Mar 11, 2013

Review: Pretty Girl-13 by Liz Coley

Title: Pretty Girl-13
Author: Liz Coley
Publisher: Katherine Tegen Books
Publication Date: 3.19.2013
Pages: 352
Genre: Contemporary
Series: No
Source: eARC from publisher

Rating: A

Summary (from Amazon):
Pretty girl
13 when she
went missing
to her family
to her friends
to the world
but still missing
her self
In Liz Coley's alarming and fascinating psychological mystery, sixteen-year-old Angie Chapman must piece together the story of her kidnapping and abuse. Pretty Girl-13 is a disturbing—and ultimately empowering—page-turner about accepting our whole selves, and the healing power of courage, hope, and love.


That was literally the only thought I could form after finished Pretty Girl-13 by Liz Coley. My mind was totally fried after reading this book because it was so good, but absolutely put me through the emotional wringer. I was spent and exhausted by the conclusion.

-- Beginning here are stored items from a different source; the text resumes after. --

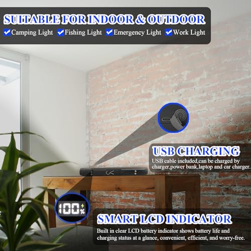 - أكثر من مجرد مصباح تخييم - هذا المصباح القابل لإعادة الشحن مع حامل تلسكوبي يدعم تكوينات متعددة. من المرائب ومواقع البناء إلى الأنشطة الخارجية والمشاريع المنزلية، يوفر هذا المصباح متعدد الأغراض مع ميزات قابلة للتعديل والفصل إضاءة مثالية. سواء كان للمهام التفصيلية أو حالات الطوارئ، فإن شريط إضاءة العمل المحمول ومتعدد الاستخدامات هذا يضمن الإضاءة وسير العمل دون انقطاع.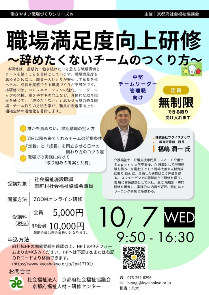 募集中の研修<中堅・チームリーダー・管理者対象> 職場満足度向上研修~辞めたくないチームのつくり方~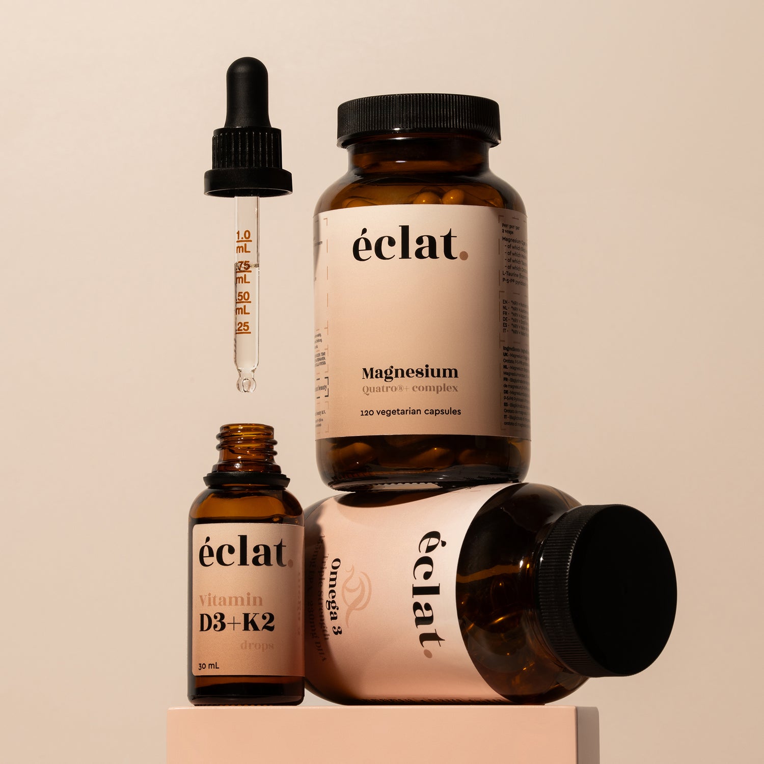 ✔ Vitamine D3 (cholecalciferol) – afkomstig uit dierlijke producten en de vorm die het lichaam zelf aanmaakt onder invloed van zonlicht.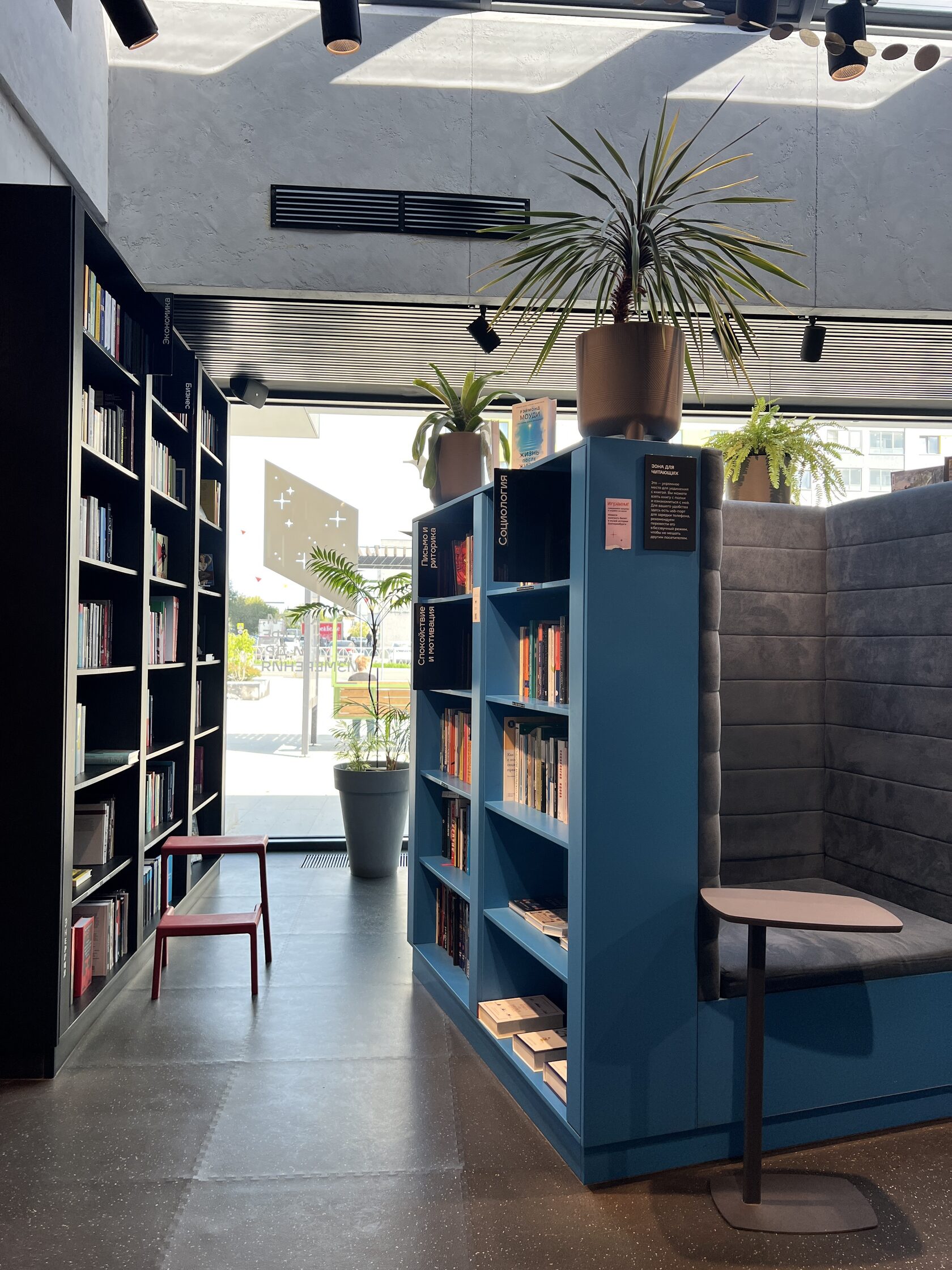 Крупнейший независимый книжный магазин Урала. Здесь нет продавцов — с посетителями общаются резиденты, каждый из которых отвечает за свой отдел и подбирает лучшие книги для читателей. В магазине есть лекторий для встреч с авторами и творческих мастер-классов, а также кофейня с уникальным меню. Интерьер объединяет книжную атмосферу и уют кафе, создавая портал в новые миры.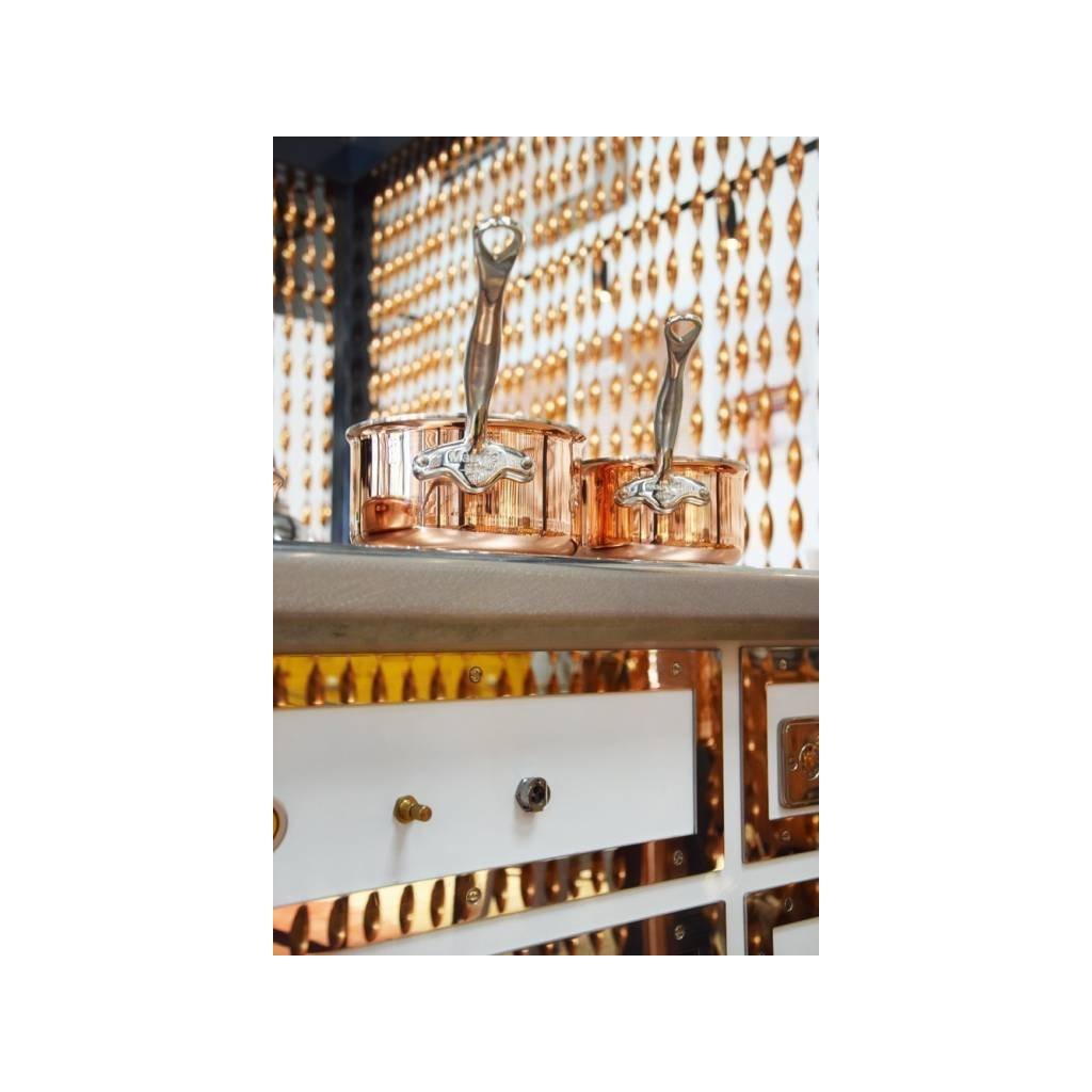 Francouzská firma Mauviel sídlí v normandském městě Villedieu-les-Poeles. které je po staletí domovem mědi, jež se zde zpracovává. Z této suroviny se skvělými užitnými vlastnostmi již po několik generací vyrábí ty nejluxusnější produkty pro profesionální i běžné vaření. Mauviel měděné nádobí perfektně vede teplo, čímž výrazně urychluje přípravu pokrmů a spoří tak čas i peníze. Variantu ale nabízí tato značka i pro ty, kteří preferují materiály jako je nerezová ocel, aluminium nebo ten nejkvalitnější nepřilnavý povrch. V pestrém sortimentu najdete například hrnce, pánve, pekáče, kuchyňské náčiní a další pomocníky. Poctivé ruční zpracování, vysoká odolnost a nádherný klasický design dělají z produktů Mauviel ozdobu každé kuchyně.

Broken in three distinct, but vital parts, Pretty Girl-13 is the story of Angie, a girl who was kidnapped in the early morning hours during a Girl Scout camping trip. When she mysteriously arrives home three years later with no memory of what happened, she has to piece the missing years of her life back together.

Watching Angie struggle to come to terms with losing three years was hard. In her mind she was still 13, but when she looked in the mirror all she could see was a strange 16 year old. When it came time for her to go back to school, all her friends and peers were juniors while she was several years behind. Her parents were elated she was home, but unsure as to how to handle her and her amnesia. I felt their struggle as they fought to figure out how to accept and move on from what happened.

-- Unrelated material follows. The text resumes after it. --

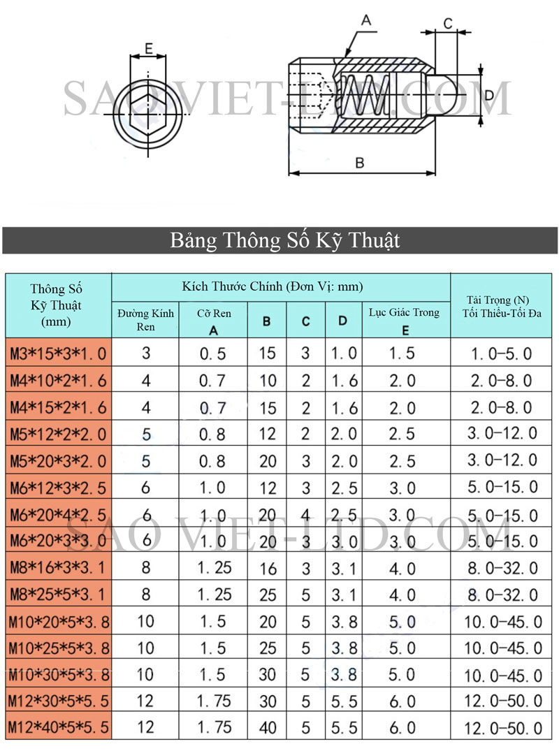 Bảng Thông Số Kỹ Thuật Vít Trí Lò Xo Pít Tông C-SPJZ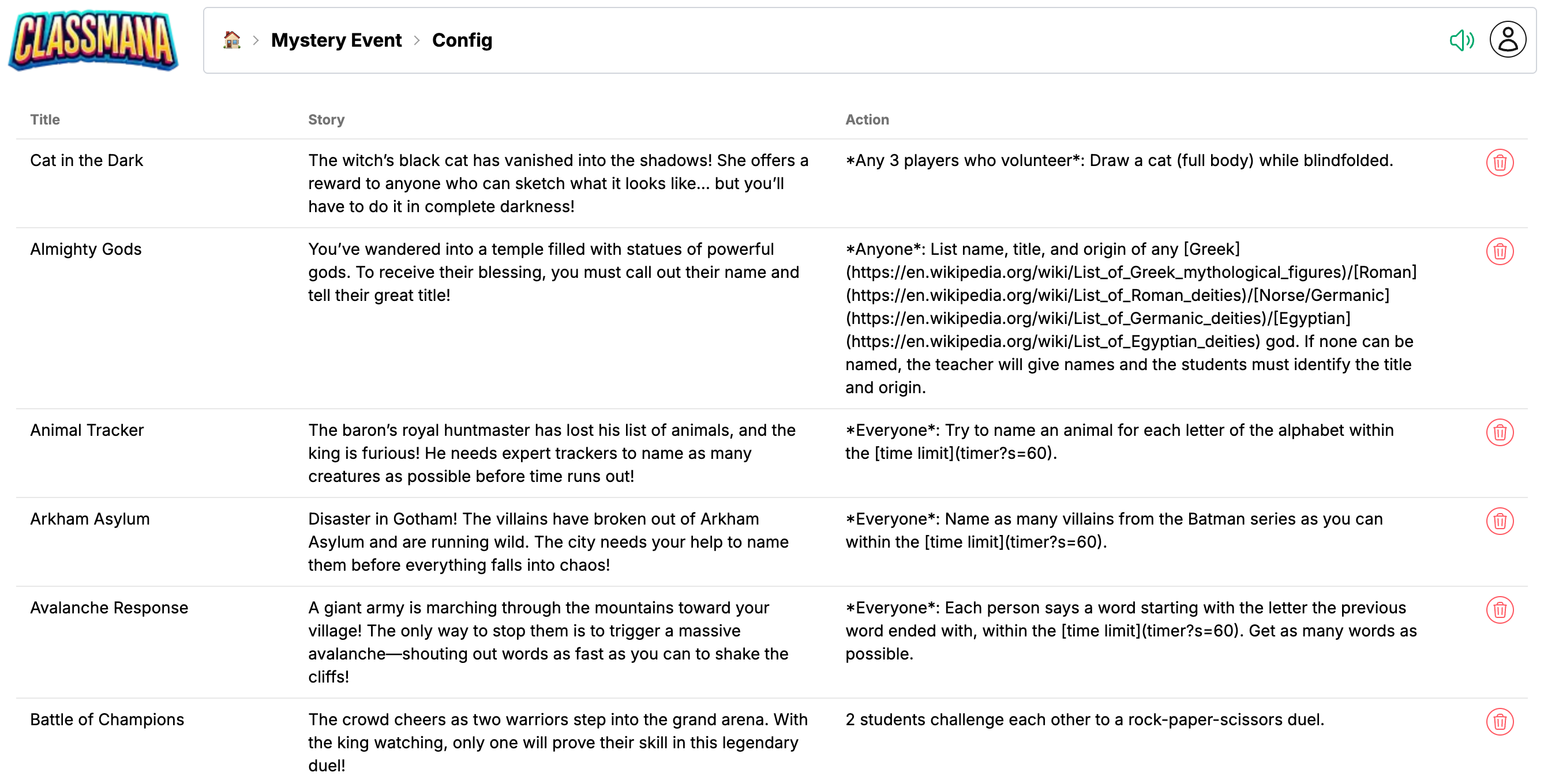 เมื่อใช้กิจกรรมลึกลับจากภายในชั้นเรียน แต่ละชั้นเรียนสามารถมีชุดกิจกรรมของตัวเอง — หรือซิงค์จากชั้นเรียนอื่น เข้าถึงได้จากการกำหนดค่าชั้นเรียนของคุณภายใต้ 🏠 แดชบอร์ด → ชั้นเรียน → ⚙️ กำหนดค่า → 🎲 กิจกรรมลึกลับ

I wasn’t expecting the twist that came with Angie’s story—that while in captivity she formed several alter-egos to accept and handle the brutality and pain she endured (hence her amnesia). As a psych grad, I loved the way Coley explained multiple personalities and how they came to be and that each personality was its own person. Coley explained everything in a wonderful way so it was easy to understand. I also think it will help a lot of the stigma that comes when people hear about multiple personalities. “Schizo” is a derogatory insult hurled around all too frequently.

This book is not for the squeamish and deals with a lot of heavy subject matter—kidnapping, rape, sexual abuse, psychological trauma … The list goes on. But Coley handles each situation with a grace and tactfulness that is to be commended. The fact that she got me immersed into the novel that I cried multiple times and finished the book needing a long nap speaks volumes. I wasn’t just mentally involved in this book—I was emotionally and physically attached to it and Angie. For a book lover, there is no greater joy than when a book can evoke a physical reaction from you. This is one you simply can’t pass up.


  1. I am definitely looking forward to reading this. It's also nice to hear that you think it's credible as a psych grad.

  2. This sounds INTENSE Hannah!!! I really had no interest in picking this book up (it's because of that title font, I've seen it way too many times and my little snobby designer mind can't deal with it - I KNOW! I suck), but now I feel like I have to. I'm definitely going to have to shore up my courage though, clearly Angie goes through the unfathomable. Just tell me one thing - does it end happily? Or at least with hope?

    1. Ahh, yes. The "bleeding cowboy" font. God, that font was HUGE when it came out. It was everywhere. I will admit I used it pretty frequently myself for graphic designs. Honestly, I would have used a more scripted font to convey the emotion of the novel, but that's just me.

      LOL. Wow. Look at us picking apart a font. Lordy.

      It does end on a hopeful note. Too much happens for it to be swept away with a happily every after, but Angie makes great strides in her treatment and you know she's hit a positive turning point. I can't say much more because the big shocker comes towards the end and the hopefulness is a part of that, if that makes sense?

  3. It does sounds intense, and sadly, these things happen all the time :( I will probably read this one. Thanks for the heads up and for the great review Hannah!